**Directions for this task**
Begin at the line containing "Leur groupe porte" and copy exactly through the last line of the listing, skipping every picture.

**Provided material**
◇ ◇ ◇
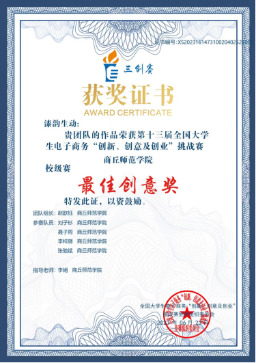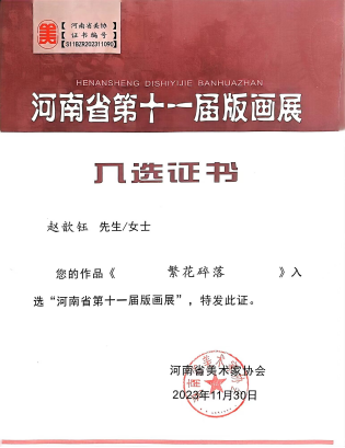 宝剑锋从磨砺出,梅花香自苦寒来。为了能够更好的精进自己的理论知识和专业技能,她积极参加美术类相关比赛,作品《深深旧梦中》入选第六届全国漆画展展览、作品《繁花碎落》入选河南省第十一届版画展展览、主持参与第十三届全国老员工电子商务“创新、创意及创业”挑战赛荣获省级三等奖、荣获2023年河南省普通高等公司“三好员工”称号。在团队合作和组织能力方面,她积极组织班级工作,带领团队在老员工创新创业大赛中一路披荆斩棘,展现了领导力和协作精神。
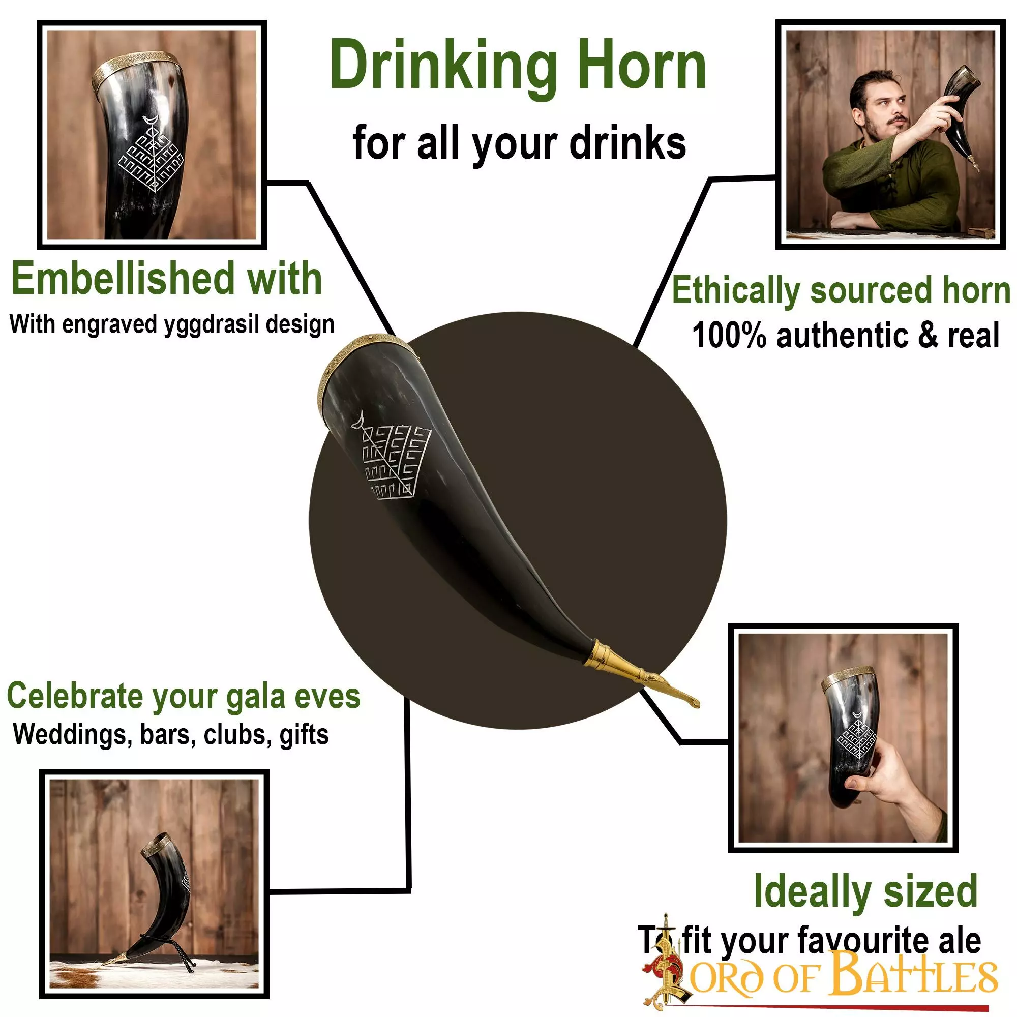 Sírvete un poco de hidromiel bien añejado en nuestro cuerno para beber con nudo de escudo vikingo; al fin y al cabo, ¿qué más necesitan los guerreros victoriosos después de aniquilar a sus enemigos? Además del Yggdrasil grabado, está decorado con un borde y una punta de latón puro, lo que lo hace visualmente atractivo y la mejor opción para regalar a sus seres queridos. Puesto que nos gusta cuidar de nuestros productos naturales tanto como a ti, suministramos este cuerno con una resistente bolsa de lona de algodón de alta calidad que lo mantendrá seguro y protegido durante años.
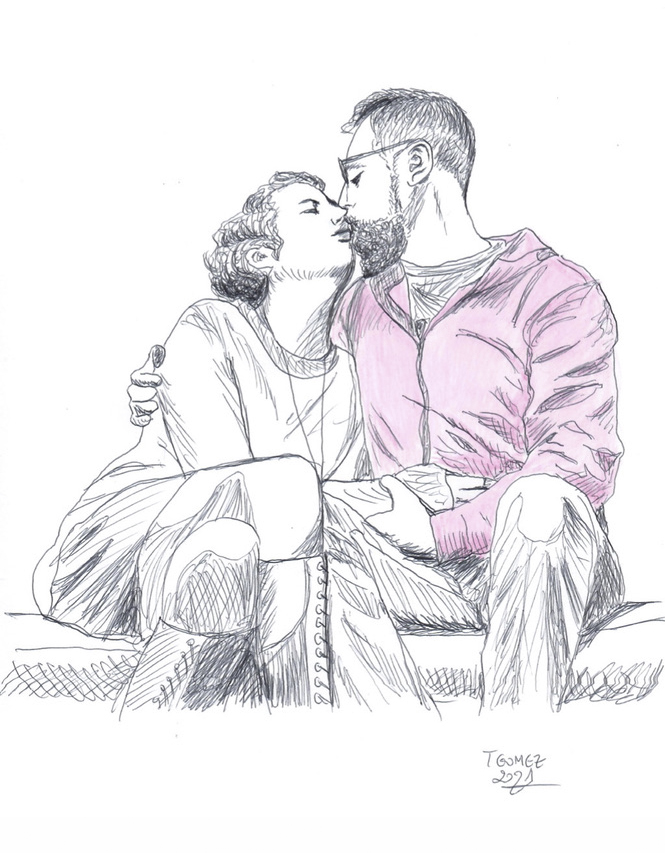 Leur groupe porte un nom plein de douceur : Fools in Love. Leur univers musical est unique, mêlant humour, autodérision, piano et batterie. Madame chante également et s’accompagne au clavier, ajoutant encore plus de sensibilité à leurs compositions. Ce dessin est inspiré d’une photo de Pierre-Antoine Sims.
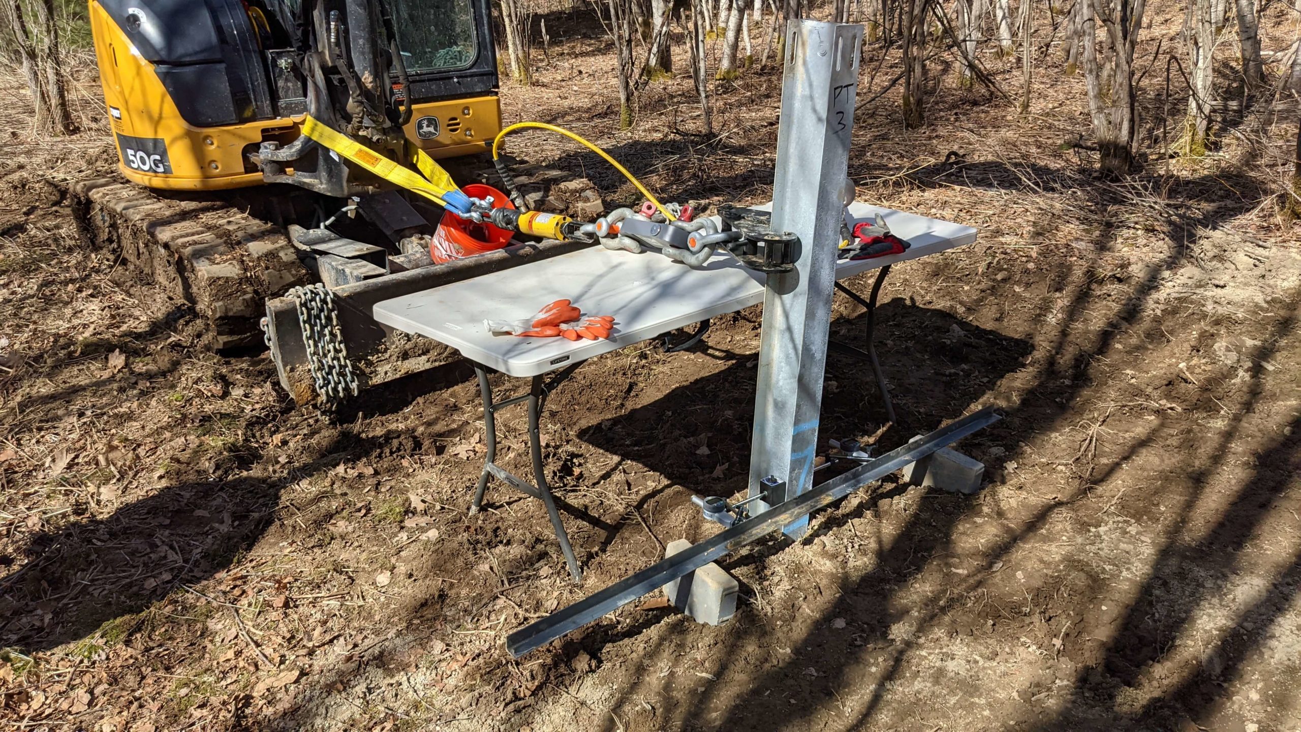 After 72-hours from pile installation, uplift and lateral load tests were performed on each pile. Uplift load testing was performed, and lateral load testing were conducted on their corresponding piles. Once the load tests were completed, piles were removed, and the bottoms of the piles were observed for pile flaring.
◇ ◇ ◇
**Response to the exercise**
 Leur groupe porte un nom plein de douceur : Fools in Love. Leur univers musical est unique, mêlant humour, autodérision, piano et batterie. Madame chante également et s’accompagne au clavier, ajoutant encore plus de sensibilité à leurs compositions. Ce dessin est inspiré d’une photo de Pierre-Antoine Sims.
 After 72-hours from pile installation, uplift and lateral load tests were performed on each pile. Uplift load testing was performed, and lateral load testing were conducted on their corresponding piles. Once the load tests were completed, piles were removed, and the bottoms of the piles were observed for pile flaring.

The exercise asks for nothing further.